I noticed my driver side caliber leaking where the SS brake line meets the caliber. Is this common? Im hoping that some of the paint corroded away and that if I take the line off, clean the caliber really good there I can salvage the situation.


----------



## cuppie (May 4, 2005)

Clean would help (and, is absolutely required, too.) And, the sealing surface absolutely must be 100% paint-free. 

One other thing: unless they just don't show in the picture.... it doesn't look like there are copper (AKA "crush") washers on that fitting. 
Banjo fittings are not self-sealing - they need a copper (or aluminum) washer on each side of the hose to seal the mating surfaces.
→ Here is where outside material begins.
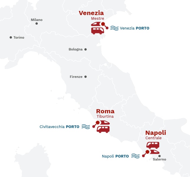Grazie alle connessioni con le stazioni Alta Velocità di Napoli Centrale, Venezia Mestre e Roma Tiburtina, puoi raggiungere i porti di Napoli, Venezia e Civitavecchia

And, these must be replaced every time the fitting is disassembled.


----------



## judoGTI (Mar 5, 2002)

cuppie said:


> Clean would help (and, is absolutely required, too.) And, the sealing surface absolutely must be 100% paint-free.
> 
> One other thing: unless they just don't show in the picture.... it doesn't look like there are copper (AKA "crush") washers on that fitting.
> Banjo fittings are not self-sealing - they need a copper (or aluminum) washer on each side of the hose to seal the mating surfaces. And, these must be replaced every time the fitting is disassembled.


 Interesting, I dont think I have crush washers on either side. I'll swing by the dealer tonight and pick some up. Thx


----------



## KG18t (Aug 9, 2006)

Yes, crush washers are a must.


----------



## GTijoejoe (Oct 6, 2001)

judoGTI said:


> Interesting, I dont think I have crush washers on either side. I'll swing by the dealer tonight and pick some up. Thx


 :thumbup: 
Than yes its common :laugh:


----------



## IJM (Jul 30, 2001)

No crush washers? Yeah, that'll do it. 

I've reused mine in a pinch and had no leaks, but I wouldn't count on it.


----------



## judoGTI (Mar 5, 2002)

Yeah the crush washers definitely failed. One side only had 1 washer, and it was beat up bent and the obvious failure point. The other side had 2 but I replaced them as well. 

Thanks for the tips.


----------